Information
- Location: Texas City, Texas
- Ballpark: Robinson Stadium
- Founded: 2007
- Disbanded: 2009
- League championships: 1 (2008)
- Division championships: 2 (2008, 2009)
- Former name: Bay Area Toros (2007–09)
- Former league: Continental Baseball League (2007–09);
- Former ballpark: Wildcat Field;
- Colors: Red, black, white, silver
- Ownership: Toros Baseball Club, LLC
- General manager: Mike Pede
- Manager: Jim Bolt
- Website: www.bayareatoros.com

Current uniforms

= Bay Area Toros =

Professional baseball team based in Texas City, Texas

The Bay Area Toros were a professional baseball team based in Texas City, Texas, in the United States. The Toros were a member of the Continental Baseball League, which is not affiliated with Major League Baseball. From the 2008 season to 2009, the Toros played their home games at Robinson Stadium. In 2010, the Toros suspended operations, announcing they could return for the 2011 season.
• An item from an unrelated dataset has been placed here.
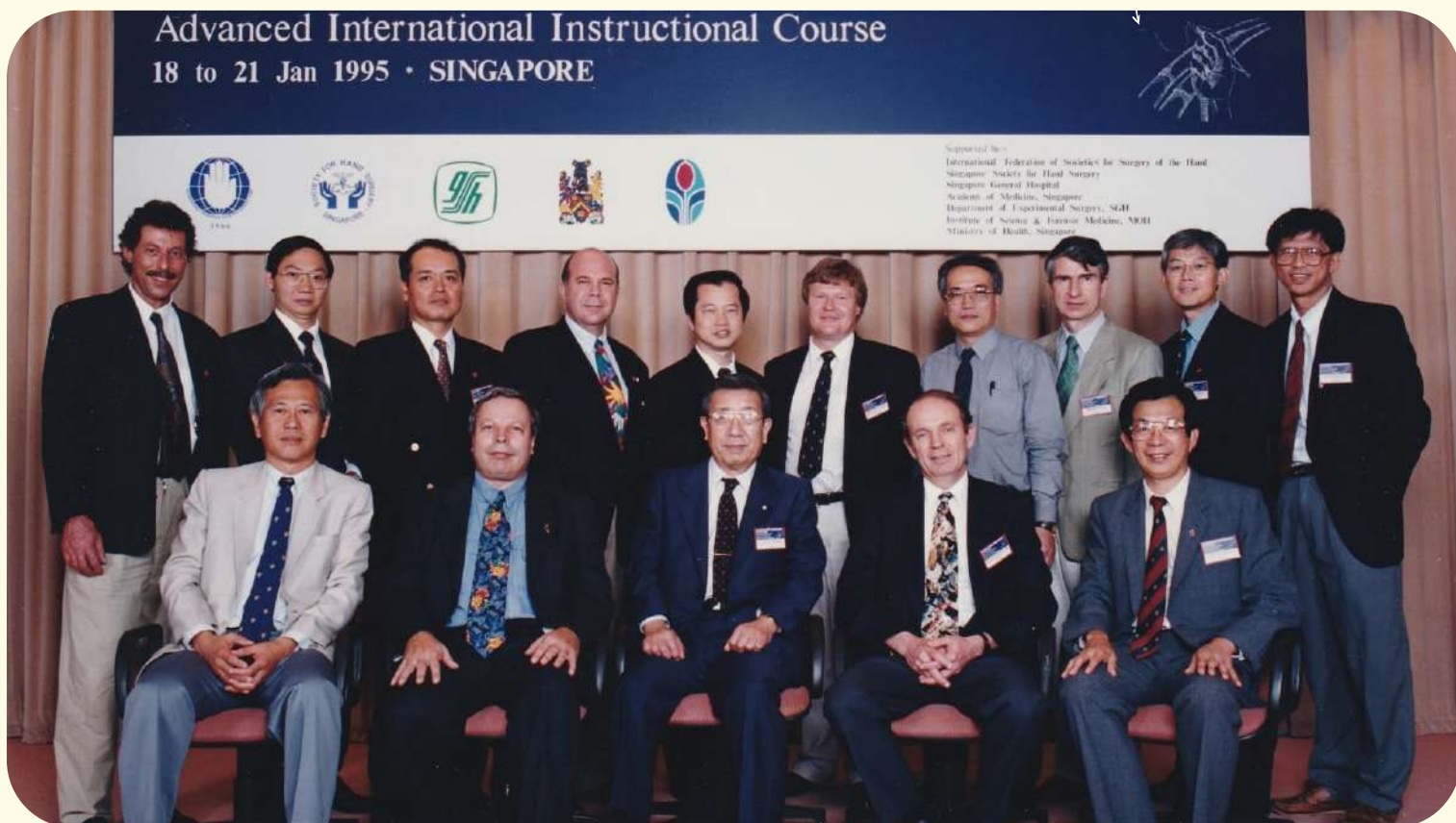
International Faculty with SGH Team @ Advanced Instructional Course, January 1995

The Toros were the first minor league baseball team in the Houston metropolitan area since the 1970s.

==Year-by-year record==

| Season | Finish | W-L | Win% | Playoffs |
|---|---|---|---|---|
| 2007 | 4th | 13-28 | .317 | Runners-up |
| 2008 | 1st | 44-29 | .603 | Champions |
| 2009 | 1st | 38-18 | .679 | Runners-up |

==Notable players==
On March 22, 2008, pitcher Brandon Sisk signed with the Kansas City Royals organization.